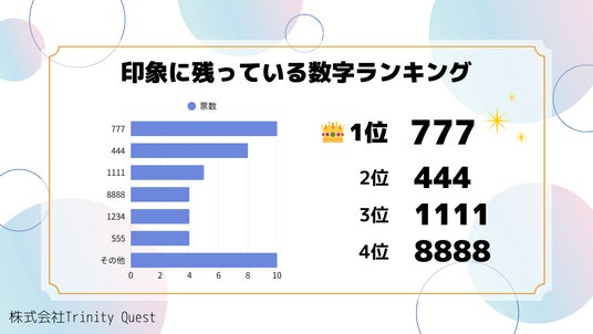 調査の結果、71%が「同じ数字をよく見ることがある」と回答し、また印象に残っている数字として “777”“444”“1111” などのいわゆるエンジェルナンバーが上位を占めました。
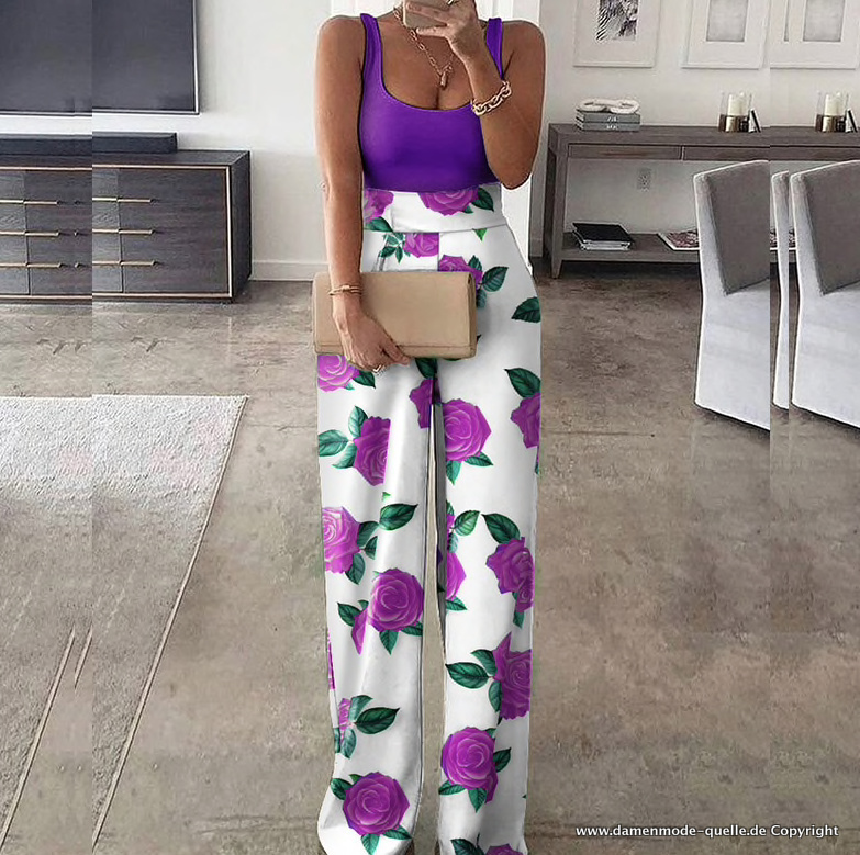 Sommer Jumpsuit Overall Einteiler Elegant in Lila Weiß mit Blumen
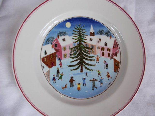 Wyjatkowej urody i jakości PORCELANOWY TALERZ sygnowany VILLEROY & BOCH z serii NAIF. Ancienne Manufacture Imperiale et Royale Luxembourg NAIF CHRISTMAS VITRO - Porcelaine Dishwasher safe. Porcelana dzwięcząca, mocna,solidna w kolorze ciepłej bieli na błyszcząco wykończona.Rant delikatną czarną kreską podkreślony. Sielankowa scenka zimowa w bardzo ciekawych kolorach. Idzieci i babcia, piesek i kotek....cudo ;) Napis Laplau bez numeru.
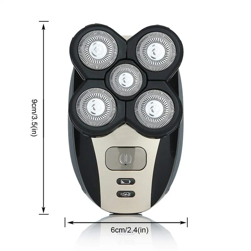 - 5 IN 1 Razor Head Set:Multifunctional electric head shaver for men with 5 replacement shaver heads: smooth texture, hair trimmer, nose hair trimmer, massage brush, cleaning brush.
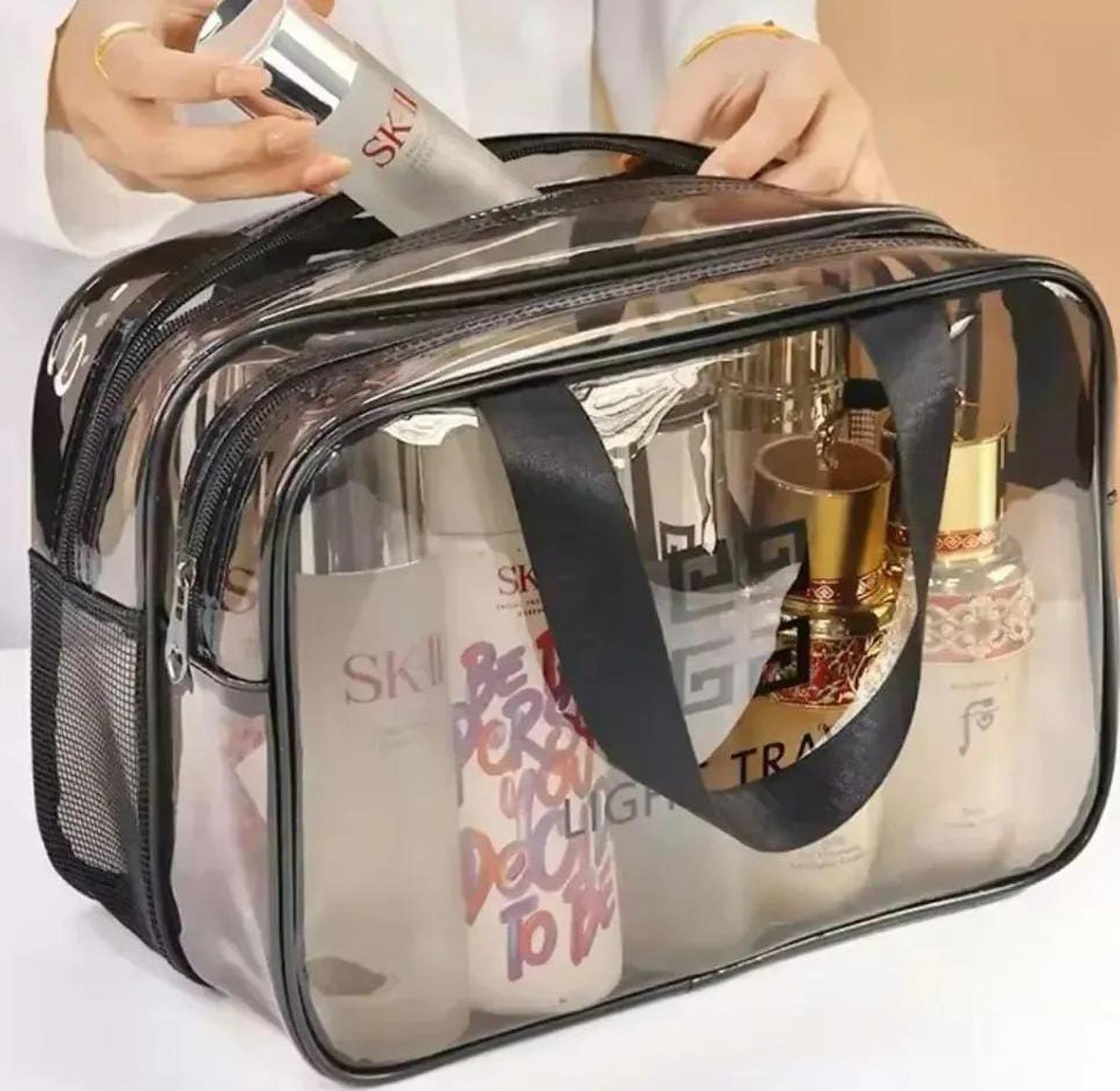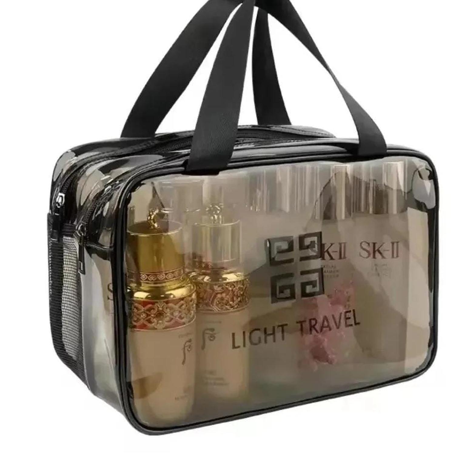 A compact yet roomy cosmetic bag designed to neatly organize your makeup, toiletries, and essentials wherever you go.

#####

Keep the pictures out of your copy. Copy only the lines from the line that holds "Sommer Jumpsuit Overall" through the last line of the listing above, both included.

 Sommer Jumpsuit Overall Einteiler Elegant in Lila Weiß mit Blumen
 Wyjatkowej urody i jakości PORCELANOWY TALERZ sygnowany VILLEROY & BOCH z serii NAIF. Ancienne Manufacture Imperiale et Royale Luxembourg NAIF CHRISTMAS VITRO - Porcelaine Dishwasher safe. Porcelana dzwięcząca, mocna,solidna w kolorze ciepłej bieli na błyszcząco wykończona.Rant delikatną czarną kreską podkreślony. Sielankowa scenka zimowa w bardzo ciekawych kolorach. Idzieci i babcia, piesek i kotek....cudo ;) Napis Laplau bez numeru.
 - 5 IN 1 Razor Head Set:Multifunctional electric head shaver for men with 5 replacement shaver heads: smooth texture, hair trimmer, nose hair trimmer, massage brush, cleaning brush.
 A compact yet roomy cosmetic bag designed to neatly organize your makeup, toiletries, and essentials wherever you go.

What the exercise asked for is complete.